My mouth curved up into a smirk. "Guess I'd have to take orders from you then, Sergeant."

This time I was positive - the redness in Eric's cheeks was definitely a blush. With a weak laugh, he changed the topic. "You like Warcraft? I've got the Enhanced edition on here."

I did like Warcraft, so my Yeerk and Eric took turns playing it for awhile. As the night progressed, the Yeerk felt more and more at ease, with both Eric and me. He would repeat comments for me with not even the smallest thought. His feelings, still readable to me, were relaxed and casual. More surprisingly, I began to hear echoes of his thoughts as he had them. He was opening himself up to me more than he ever had before.
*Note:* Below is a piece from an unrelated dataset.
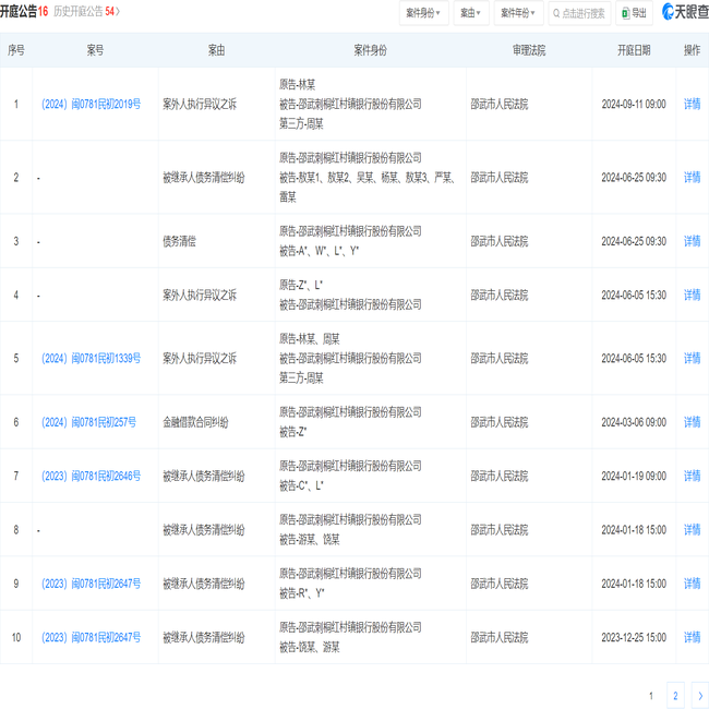 据天眼查法律诉讼信息显示,邵武刺桐红村镇银行股份有限公司(以下简称“邵武刺桐红村镇银行”)因案外人执行异议之诉被告,于2024年9月11日在邵武市人民法院开庭审理【案号:(2024)闽0781民初2019号】。

Finally, we were called downstairs by Eric's parents, who'd made us cheeseburgers and fries. We engaged in a few minutes of small talk, mostly about the team and how we were doing this season. It was a sore subject for the Yeerk because of the likelihood that the invasion of the planet would have progressed far enough by the end of the season that we wouldn't get to play in the playoffs.
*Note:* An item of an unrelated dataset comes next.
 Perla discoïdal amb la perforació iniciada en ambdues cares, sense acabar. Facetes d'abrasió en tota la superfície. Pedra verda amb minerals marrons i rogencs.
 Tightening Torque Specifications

It was an almost laughable irony. One of the alien invaders mourning the inability to play baseball because of his own peoples' invasion. But I could relate. I could see my Yeerk's point of view. It was interesting to consider.

The Yeerk seemed to be considering something as well, but I couldn't quite put my finger on it. Something was tugging at his thoughts, some decision he was trying to come to. Every so often he'd glance at Eric during one of those concentration spasms, and it was only then that I could feel some residual contempt for him. Maybe I understood better what he was going through, but that didn't mean I could condone any thoughts of infestation he had for Eric.
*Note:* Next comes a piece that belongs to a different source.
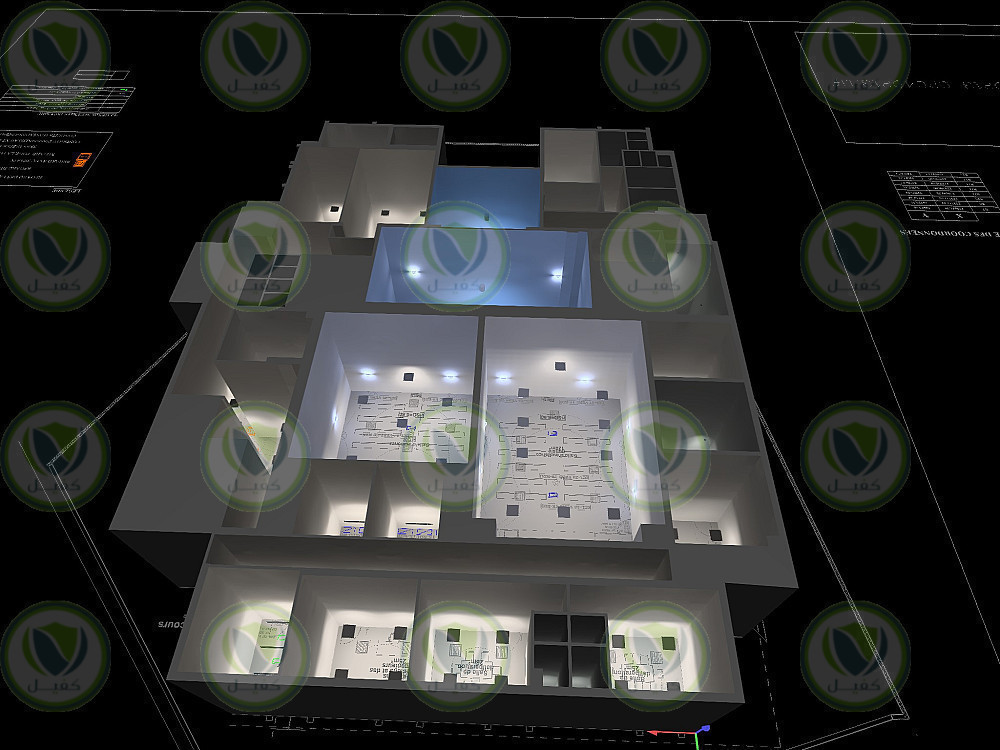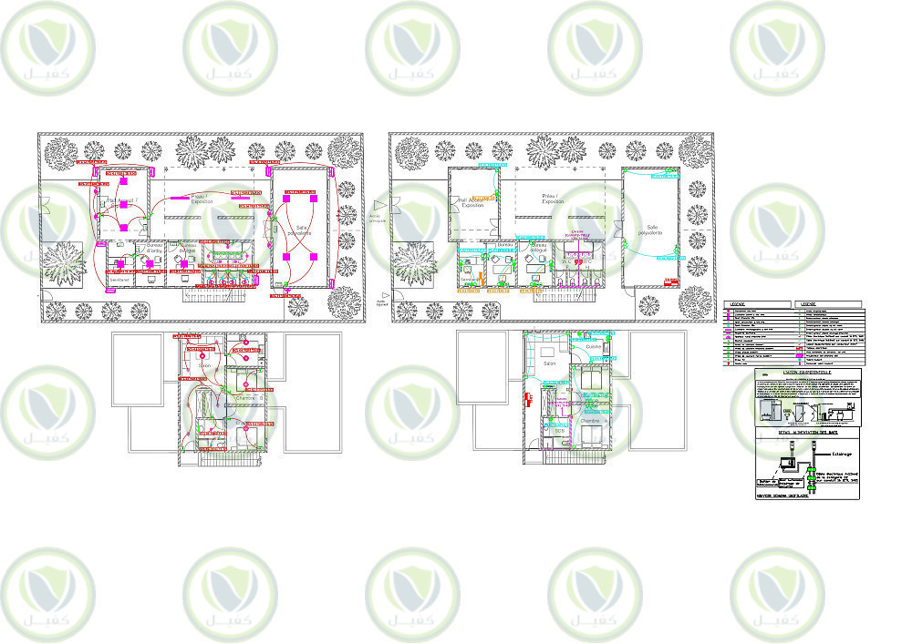- توزيع الانارة الداخلية بشكل تفصيلي وتحديد الابعاد بشكل دقيق وتوزيع المفاتيح الكهربائية.

After dinner, we went into the living room and sat on the couch to watch the movie. I was right - he /did/ have the best laugh, and it wasn't hard to get him to use it. Even the dumb cheek-pinching joke in the beginning of the movie got a response from him.

The movie's plot was a very simple one - a boy, sick in bed, is read an adventure story by his grandfather to help pass the time. In the story, a brave young couple faces all the obstacles their environment can toss at their young love, eventually emerging triumphant in their feelings for each other.

Their relationship's beginning was an interesting one at best - it started with the girl ordering the boy around like a peasant. All manner of inconceivably harsh command was thrown at the young lad, to which he gave a single, simple answer: "As you wish." The grandfather made a point of telling his grandson that when the lad spoke "As you wish", what he meant was "I love you."

The grandson was not amused with the way the story was going. "Is this a kissing book?" he complained on the screen, getting another laugh from Eric and an internal one from the Yeerk. The grandfather assured him that someday he might not mind so much.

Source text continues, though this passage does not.